Our study has several major strengths. First, this study is based on a true population-based database with full coverage of hospital admissions and prescriptions for PPI or H2RA. It represents the real world situation, and makes our results more generalizable to other settings. Second, the incidence of SBP in North America and most European countries is less than 5/100,000 person-years; therefore, a larger sample size of more than 10 million may be required to reach adequate statistical power. In contrast, the incidence of SBP is around 122/100,000 person-years in this sample, so larger number of case patients and controls can be identified using this database. The large sample size allowed adjustments for all the possible risk factors, and different subgroup analyses. Third, by using the longitudinal database of NHIRD, we can define the interval between the receipt of PPI or H2RA therapy and occurrence of SBP. Thus, allowing duration response analysis.

However, this study has several limitations. First, our claim database lacked the microbiological data to confirm SBP cases, and outcome misclassification is possible. However, we felt that our definition of SBP is rather stringent. SBP cases need to have ICD-9-CM codes of SBP plus both the procedure code for paracentasis and the ICD-9-CM codes for prescription of compatible antibiotics. Furthermore, our case definition was validated by a hospital record review, which showed a positive predictive value of 92%. Second, as our study is an observational study, the possibility of residual confounding due to uncontrolled significant cofounders cannot be totally excluded. Third, protopathic bias may play a role in the observed higher risk of SBP in patients taking GASs. Protopathic bias arises when early gastrointestinal symptoms of SBP are the cause of GAS prescription. However, protopathic bias cannot totally explain the observed strong association that persisted for more than 30 days before the SBP diagnosis. A sensitivity analysis that excluded the most recent users (ie, within 7 days of index date) also did not change the effect estimate significantly. Finally, variations in physicians’ practice may also play a role in the observed results.

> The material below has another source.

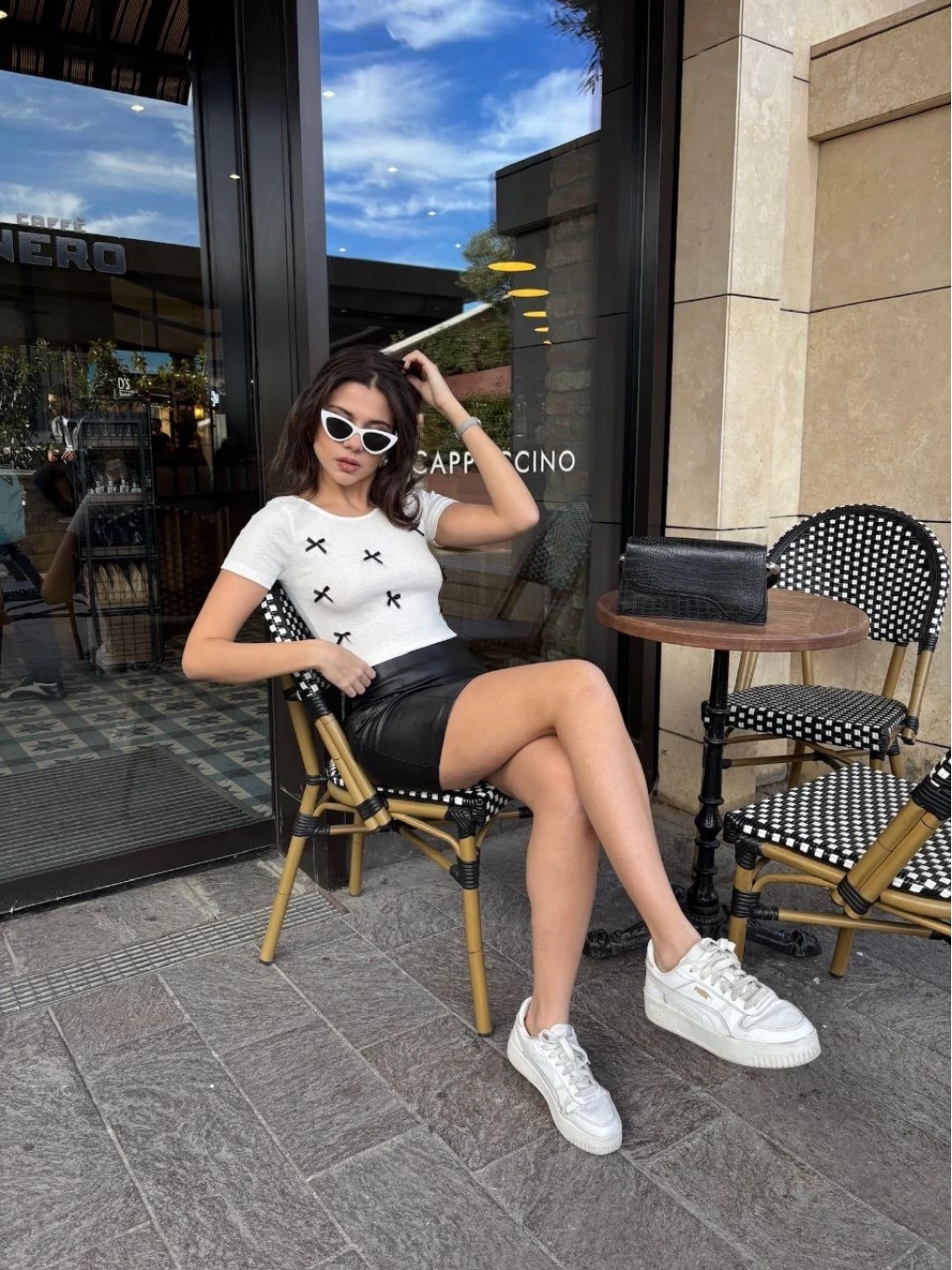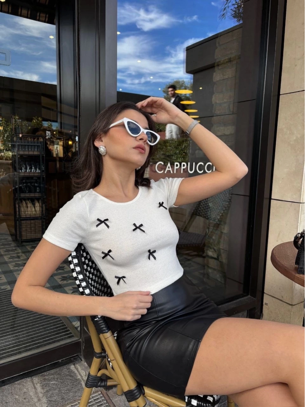 Bağcıklı fiyonk detayıyla feminen bir görünüm kazandırır.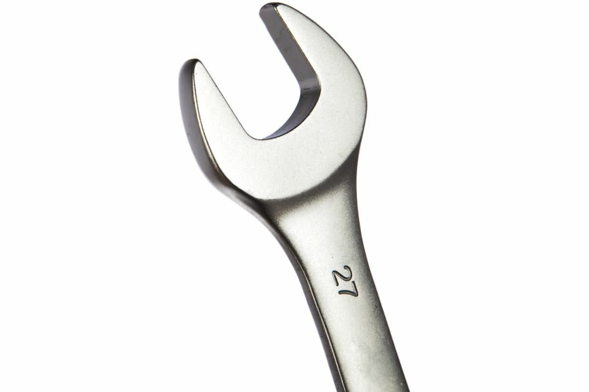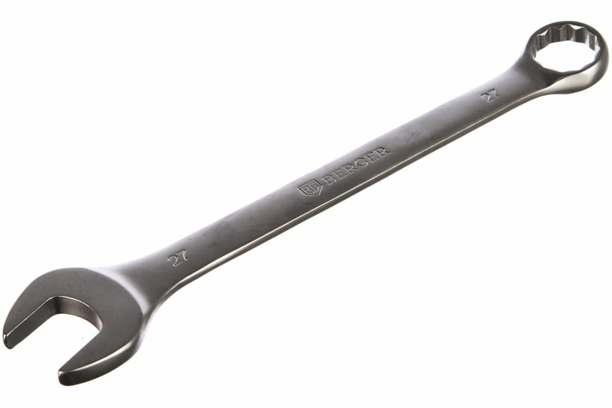 Комбинированные ключи 27 мм. Berger BG сочетают в себе одновременно и рожковые, и накидные головки. Специальная форма изделий способствует более легкой и быстрой работе с резьбовыми соединениями в труднодоступных местах. Высокая прочность, надежность и долговечность ключей обеспечивается благодаря качественной стали и защитному покрытию. Преимущества Материал Berger : прочная и качественная хром-ванадиевая сталь. Матовое антикоррозийное хромовое покрытие "сатин". Накидная часть изогнута под углом 15° для более комфортной работы в труднодоступных местах. Двенадцатигранный рабочий профиль минимизирует риск повреждения граней шестигранного крепежа. Двухсторонняя маркировка ключа облегчает идентификацию.

In conclusion, our study suggests that the use of PPIs or H2RAs is associated with increased risk for SBP, especially in new initiators within 30 days. As a substantial body of literature supports that gastric acid environment is important for human host defense to SBP infection, further validation of this association in multiple populations is warranted. Before such studies are available, gastric acid suppressants should be prescribed cautiously to patients with risk of developing SBP.